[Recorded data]
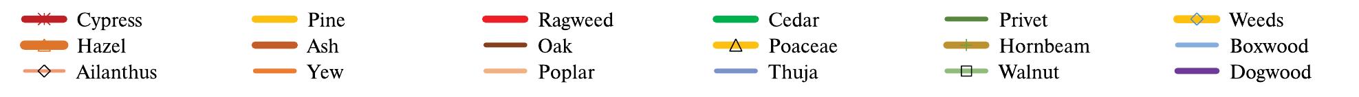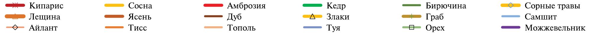 Plant pollination in Yalta was naturally wavy. Wave 1 include tree pollination from mid-autumn to mid-summer (cedar in September to February; cypress in November to early May; hazel, ash-tree, yew, cornel tree, juniper, arborvitae, poplar, and walnut in January to April; hornbeam and boxtree in March to early May; and pine, oak, ailanthus, and privet in late April to mid-July). Wave 2 was mild due to the rapid drying or oppression of grasses during the drought period and include poaceae pollination in late April to early June. Wave 3, which is also mild, include weeds pollination from mid-July to early November (Fig. 2).
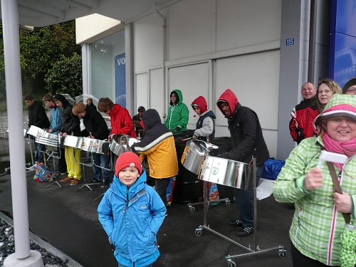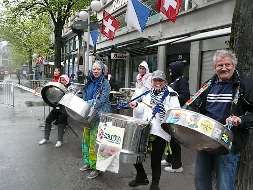 Doch im Bereich Bellevue und Quaibrücke kommt Unruhe ins Feld. Es beginnt nämlich zu regnen. Am Bürkliplatz, wo das Feld insgesamt sechs Mal zu sehen ist, biegen wir nach rechts in die Bahnhofstraße ab. Gestern war da natürlich mehr los, aber das ist halt sonntags so in den Fußgängerzonen. Mitglieder der Steelband Sandflöö haben sich schon die Kapuzen hochgezogen. Sie sind aber weiterhin fleißig am Musik machen.
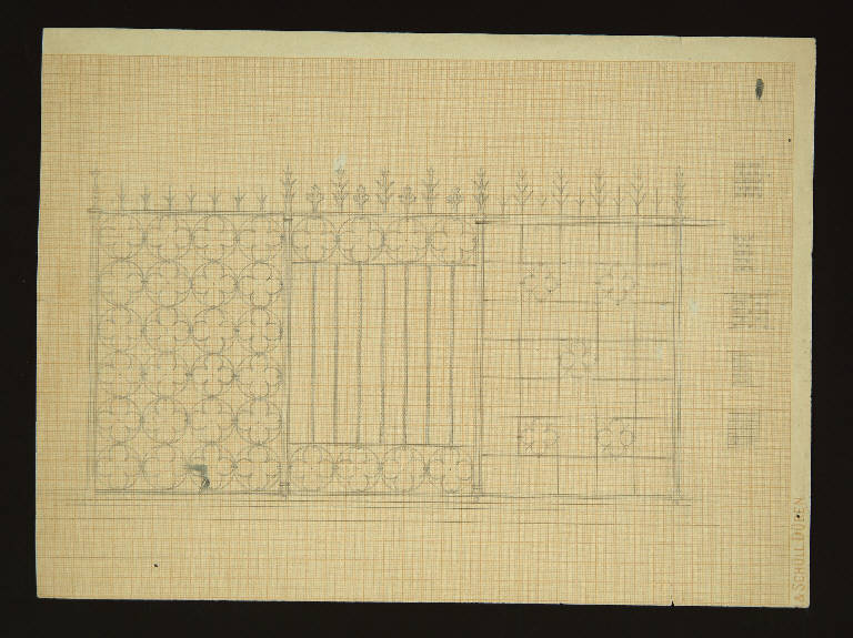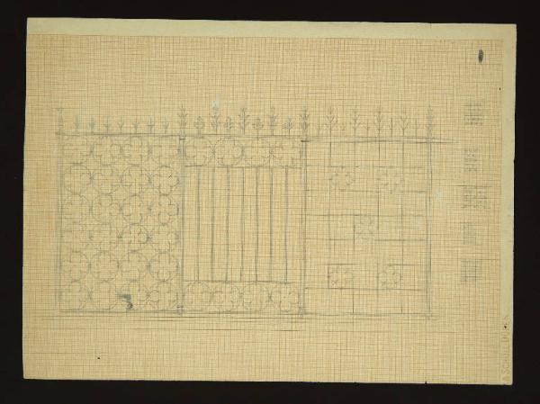 studio decorazione oer cancello con motivi quadrilobati nei cerchi a sinistra e a destra inseriti nei riquadri. Sul margine superiore del cancello elementi decorativi vegetali. Sul lato destro del disegno schizzi di cancello.
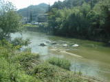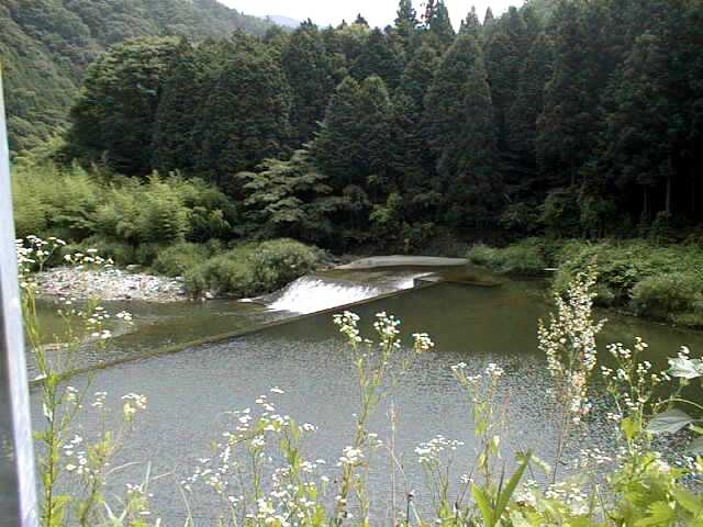 足助町追分付近の巴川です。アユのシーズンになるとここにヤナ場が作られます。川底の様子が分かりますか。
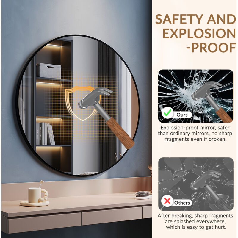 ÂHigh-Quality Aluminum Frame‘ – The mirror frame is made of sturdy aluminum, ensuring durability and stability. The surface is treated with a black powder coating, which not only enhances corrosion resistance but also gives the frame a stylish and minimalist appearance.
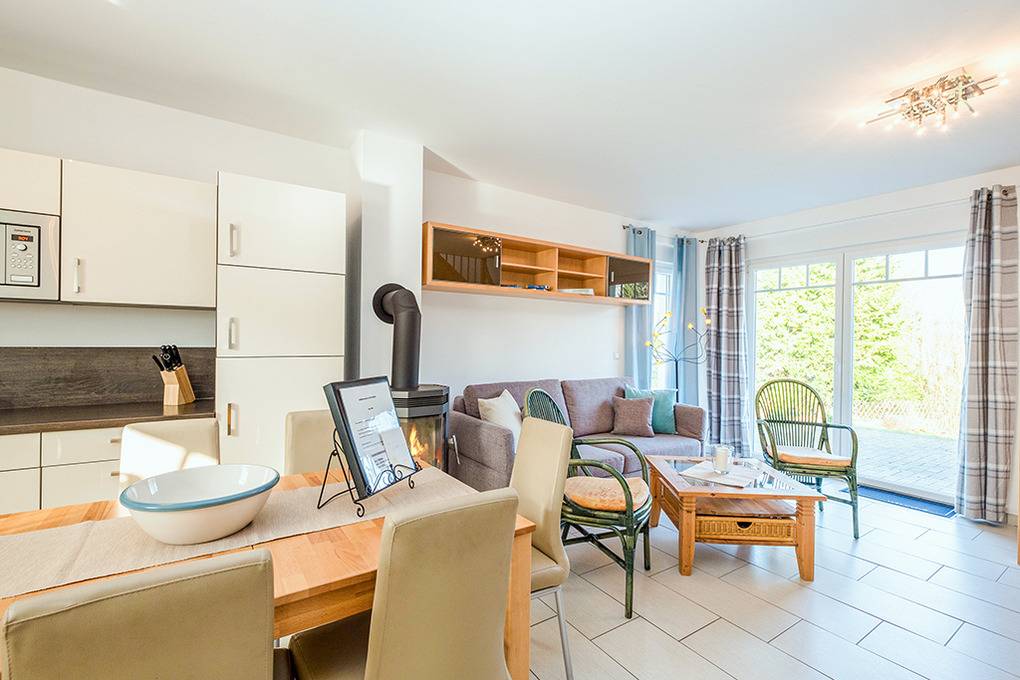 Haus: Komfortables Ferienhaus mit Kaminofen. Geschmackvolle, ansprechende Einrichtung. Internetzugang über W-Lan. Fußbodenheizung. Schöne Terrasse mit Sitzmöbeln, Grill. Fahrradschuppen. 2 Pkw-Stellplätze.
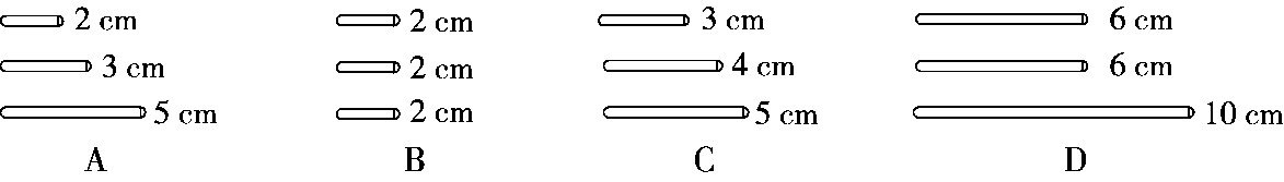 1.下面( )组中的三根小棒不能拼成一个三角形。
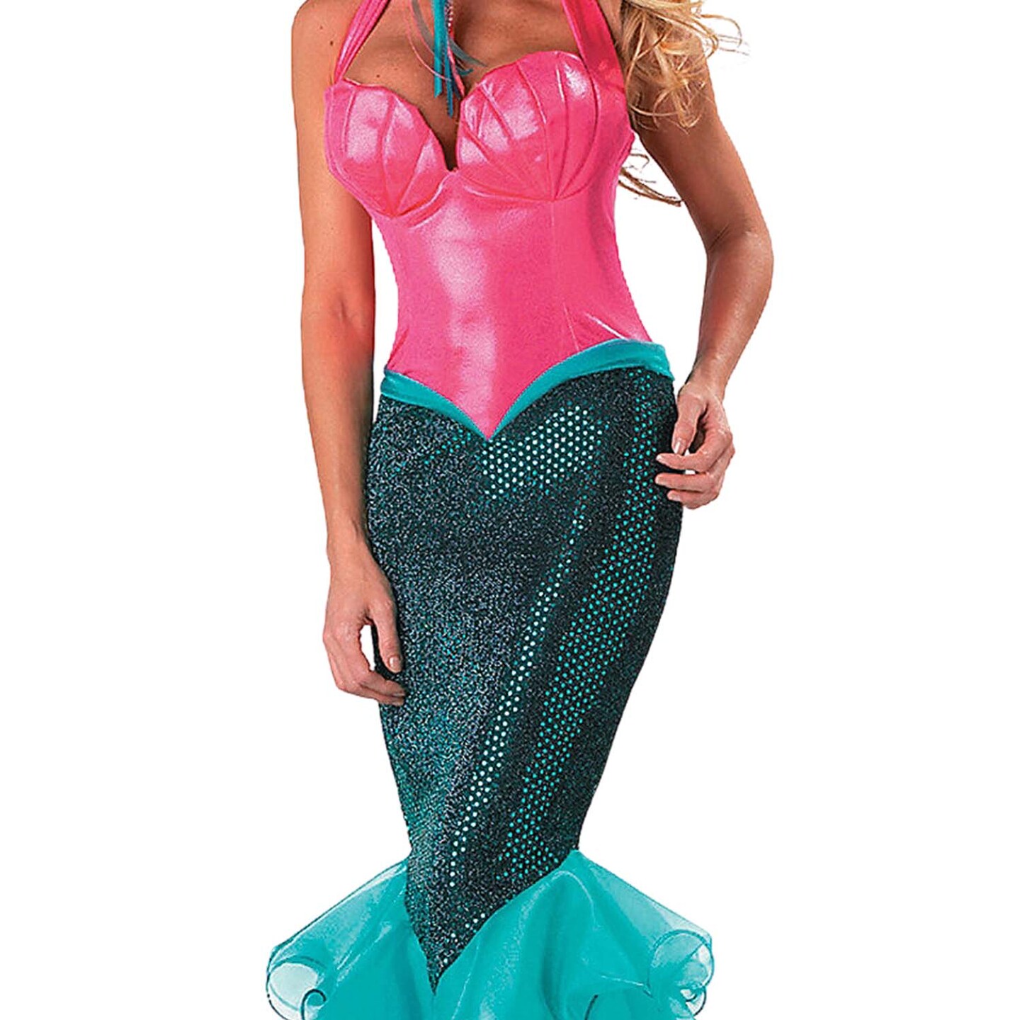 Women's Mermaid Costume Fitted Shimmer Corset Gown with Sequin Skirt and Starfish Headpiece
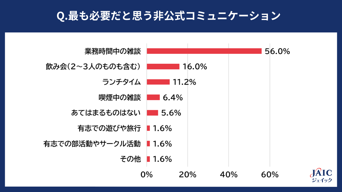 ■最も必要だと思う非公式コミュニケーション:1位「業務時間中の雑談」(56.0%)
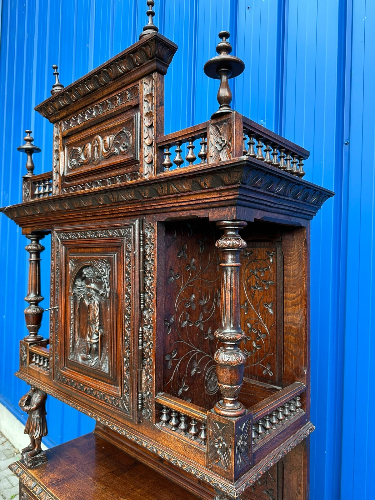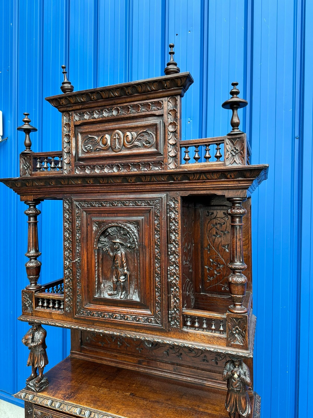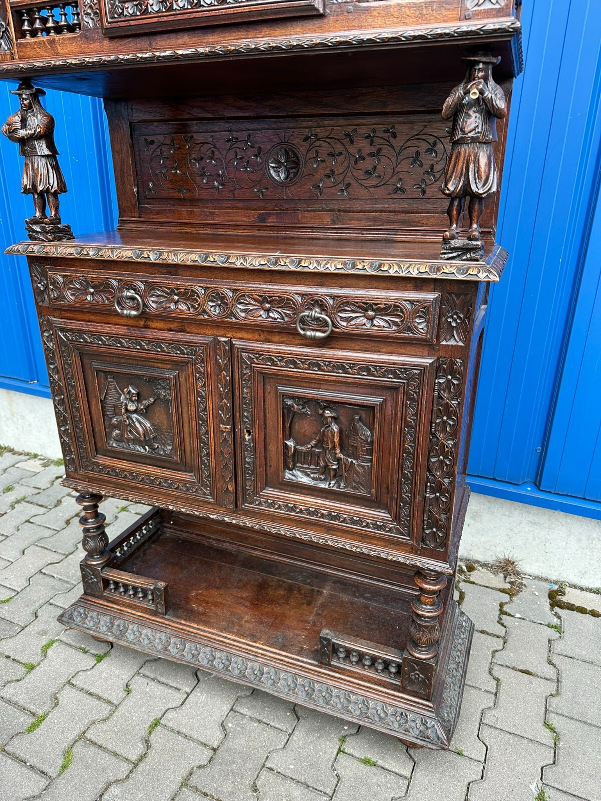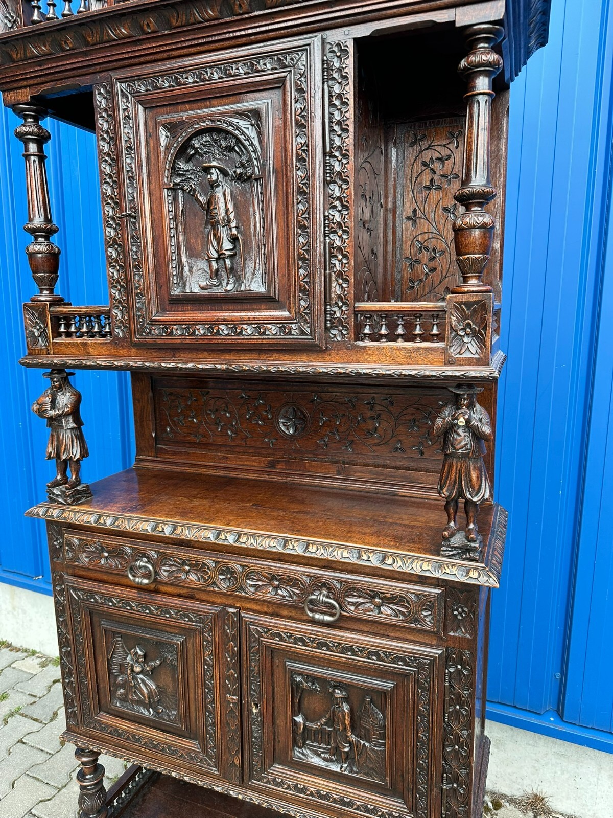 Sehr imposanter Historismus Schrank um 1880 aus Frankreich. Kastanienholz, komplett handgeschnitzt mit Figuren. An der linken mittleren Figur Tröte fehlend. Die unterste Leiste stärker berieben und bestossen, unten zwei mittlere Zapfen ebenfalls fehlend. Am Schnitzwerk insgesamt kleiner Unvollständigkeiten (Hüte, Leisten etc.) Die mittlere und die untere Ablage zum Teil berieben. Am Mittelteil wurde das Schloß ausgebaut, dieses liegt lose bei und hat wohl keine Funktion. Die Türen sind insgesamt aus den Scharnieren wacklig und müssen leicht angehoben werden, eine normale Funktionalität wird jedoch gewährleistet. Der oberste Kranz kann abgenommen werden, das restliche Möbel (hat dann eine Höhe von 202cm) ist am Stück. Abmessungen BTH 107/40/245cm.
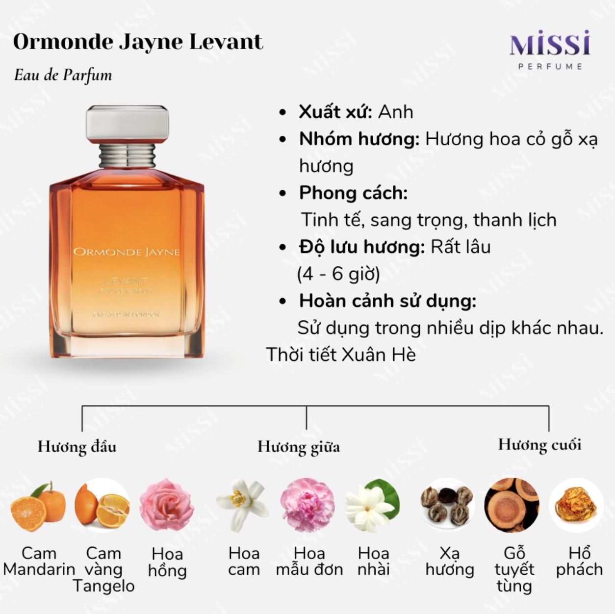 Ormonde Jayne Levant là dòng nước hoa nữ ra mắt năm 2020, mang tinh thần tươi mới và tích cực. Ngay từ những nốt hương đầu tiên, mùi hương đã tạo cảm giác sảng khoái và dễ chịu. Đồng thời, sự kết hợp giữa cam chanh và hoa giúp tổng thể trở nên nhẹ nhàng nhưng vẫn rất cuốn hút.
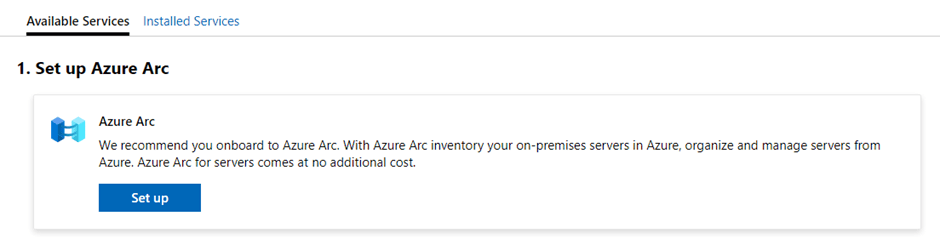 Once we have onboarded to Azure Arc, we scroll down and see a number of other services available to us:
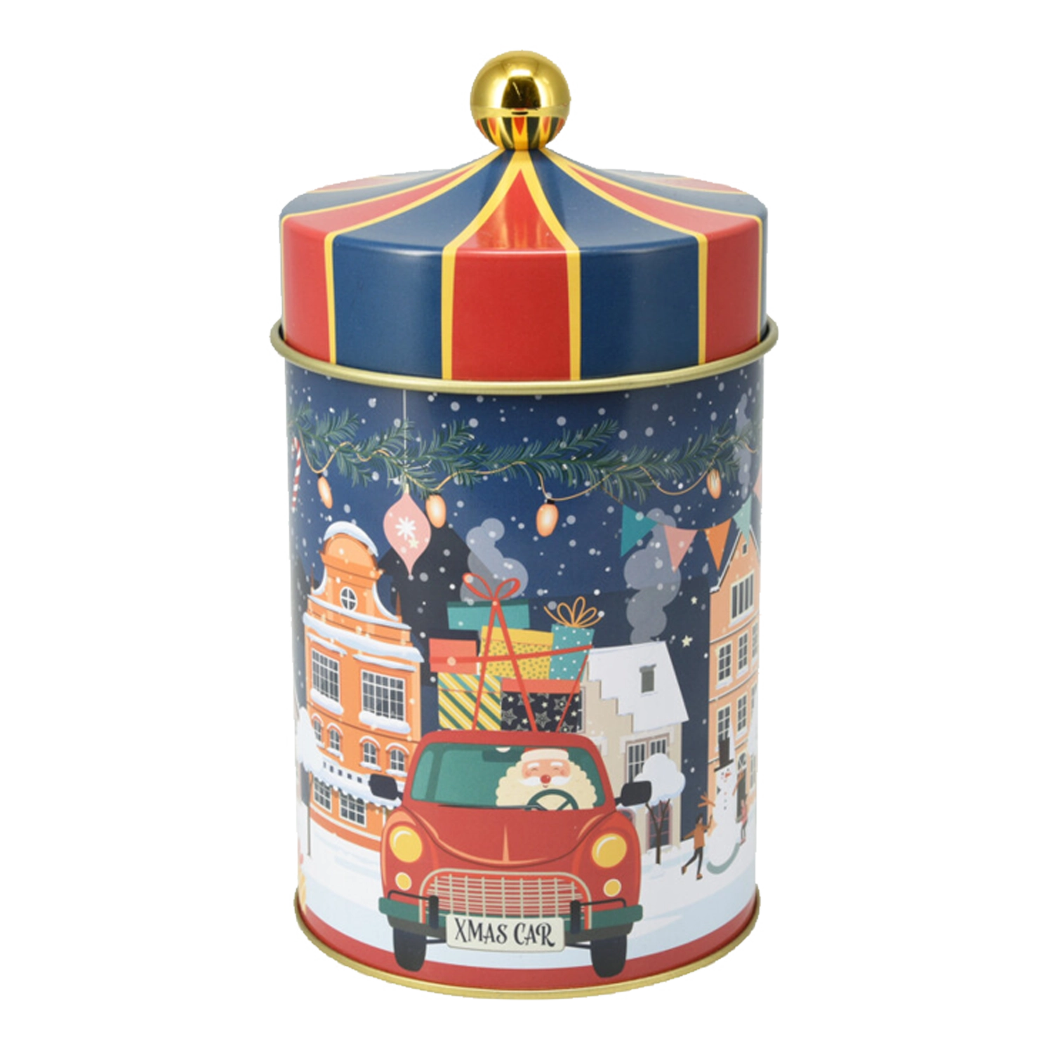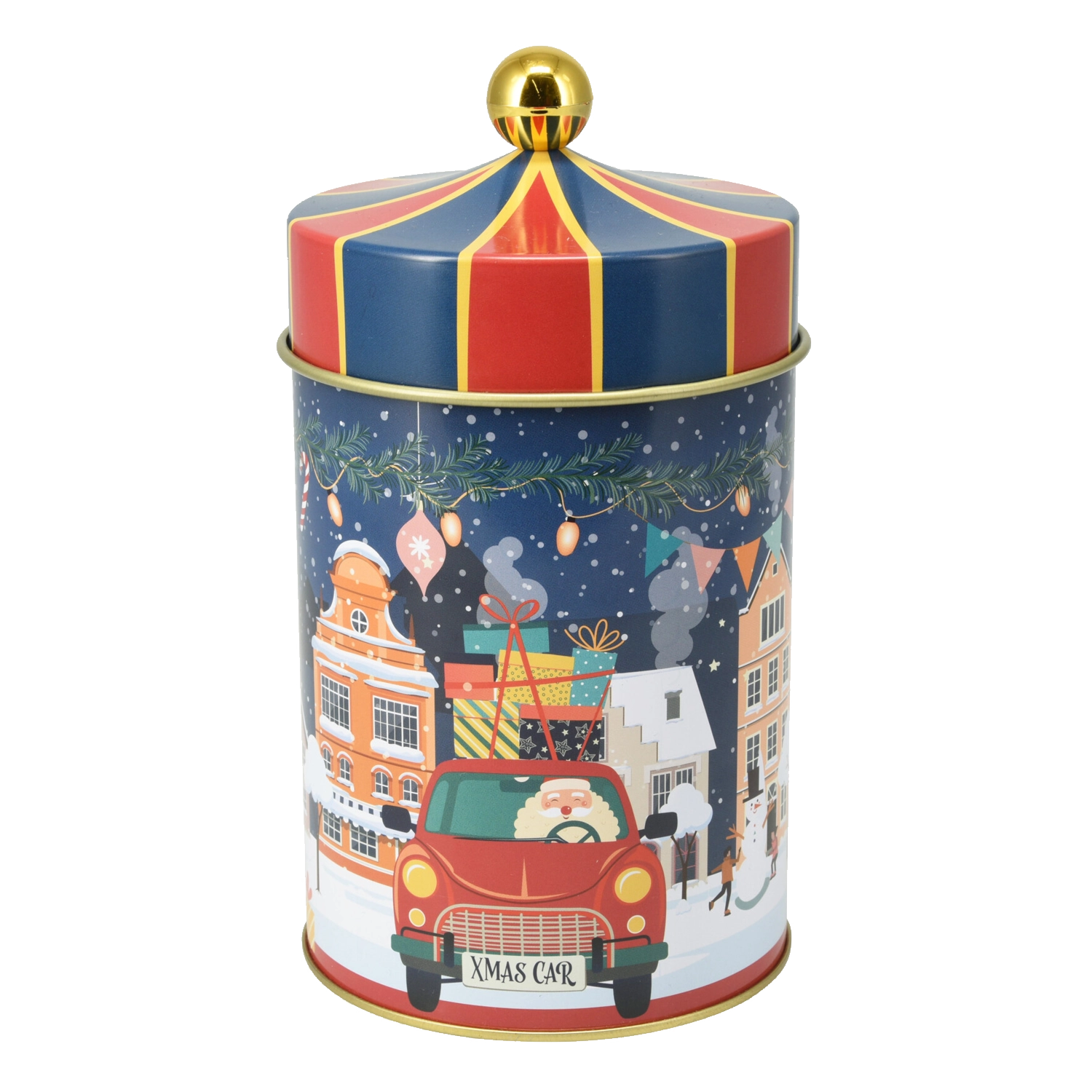 Vrolijke winterse illustraties met de opschriften “Xmas Car” en “Hello Winter” geven je huis een knusse, feestelijke sfeer. De trommel is perfect voor koekjes, peperkoek, snoep, maar ook voor kleinigheden zoals theezakjes of kleine cadeautjes. Dankzij de veelzijdige look is hij ook geschikt als een lief kerstcadeau.

Exercise details — Set down exactly the lines between the line containing "Ormonde Jayne Levant" and the end of the records above, both ends included; pictures stay out.

Solution —
 Ormonde Jayne Levant là dòng nước hoa nữ ra mắt năm 2020, mang tinh thần tươi mới và tích cực. Ngay từ những nốt hương đầu tiên, mùi hương đã tạo cảm giác sảng khoái và dễ chịu. Đồng thời, sự kết hợp giữa cam chanh và hoa giúp tổng thể trở nên nhẹ nhàng nhưng vẫn rất cuốn hút.
 Once we have onboarded to Azure Arc, we scroll down and see a number of other services available to us:
 Vrolijke winterse illustraties met de opschriften “Xmas Car” en “Hello Winter” geven je huis een knusse, feestelijke sfeer. De trommel is perfect voor koekjes, peperkoek, snoep, maar ook voor kleinigheden zoals theezakjes of kleine cadeautjes. Dankzij de veelzijdige look is hij ook geschikt als een lief kerstcadeau.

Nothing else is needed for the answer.